Just to be clear, i have no doubt it works :). I have used similar system for mobile robots and I don’t see why it would not. But I’m also worried they it will lull people in a false sense of safety while the driver should stay alert.
Don’t have the paper, my info comes mainly from various interviews with people involved in the thing. Elon of course, Andrej Karpathy is the other (he was in charge of their AI program for some time).
They apparently used to use feature detection and object recognition in RGB images, then gave up on that (as generating coherent RGB images just adds latency and object recognition was too inflexible) and they’re now just going by raw photon count data from the sensor fed directly into the neural nets that generate the 3d model. Once trained this apparently can do some insane stuff like pull edge data out from below the noise floor.
This may be of interest– This is also from 2 years ago, before Tesla switched to occupancy networks everywhere. I’d say that’s a pretty good equivalent of a LiDAR scan…
I Googled it to see because I thought they maybe were using event cameras then but no, they use 10bit instead of classic 8bit but they are not litterally counting photons (which would not be useful). It’s interesting that it improved the precision and recall of their « object detection model ». Guess the image is of better quality then.
The link from 2 years ago is not particularly impressive: https://arxiv.org/abs/1406.2283 this is an equal valent paper I think from 2014
Not sure the exact details- I heard they were sampling 10 bits per pixel but a bunch of their release notes talked about photon count detection back when they switched to that system.
Given that the HW3 cameras started being used to just generate RGB images, I suspect the current iteration is working by just pulling RAW format frames and interpreting them as a photon count grid, from there detecting edges and geometry with the occupancy network.
I’ve not seen much of anything published by Tesla on the subject.
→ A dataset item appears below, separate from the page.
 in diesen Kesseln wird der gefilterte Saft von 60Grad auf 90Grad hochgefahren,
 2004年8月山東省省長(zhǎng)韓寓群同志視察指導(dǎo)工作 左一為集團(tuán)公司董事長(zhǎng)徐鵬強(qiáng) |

I suspect most of their research they are keeping hush hush to get a leg up on the competition. They share everything regarding EV tech because they want to push the industry in that direction, but I think they see FSD as their secret sauce that they might sell hardware kits but not let others too far under the hood.
It’s an interesting discussion thanks!
I know that it can be done :). It’s my direct field of research (localization and mapping of autonomous robots with a focus on building 3D model from camera images e.g NeRF related methods )what i was trying to say is that you cannot have high safety using just cameras. But I think we agree there :)
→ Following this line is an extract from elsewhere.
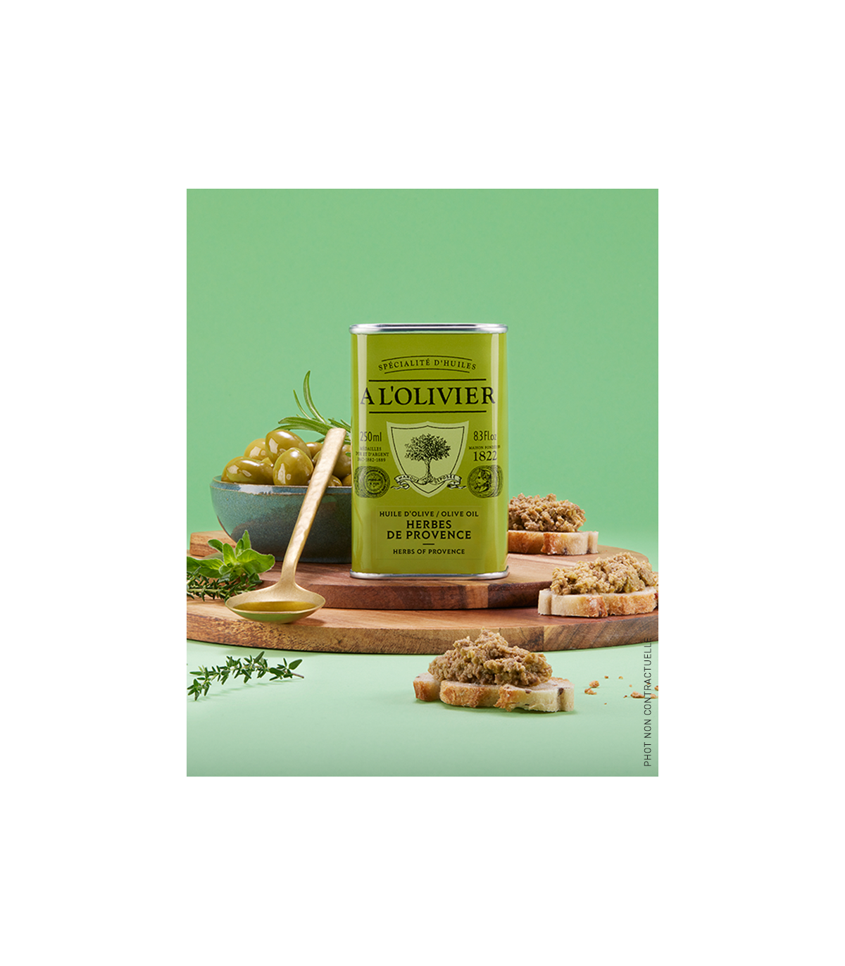 - Huile d’olive vierge extra 60%, huile d'olive infusée herbes de Provence [huile d'olive vierge extra 32,2%, herbes de Provence 7,9% (thym, origan, romarin)].

I’ll be curious to know how they handle environment with a clear lack of depth information (highway roads), how they optimized the processing power (estimating depth is one thing but building a continuous 3D model is different), and the image blur when moving at high speed :). Sensor fusion between visual slam and LiDAR is not complex (since the LiDAR provide what you estimate with your neural occupancy grid anyway, what you get is a more accurate measurement) so on the technological side they don’t really gain much, mainly a gain for the cost.
My guess is that they probably still do a lot of feature detection (lines and stuff) in the background and a lot of what you experience when you drive is improvement in depth estimation and feature detection on rgb images? But maybe not I’ll be really interested to read about it more :). Do you have the research paper that the Tesla algo relies on?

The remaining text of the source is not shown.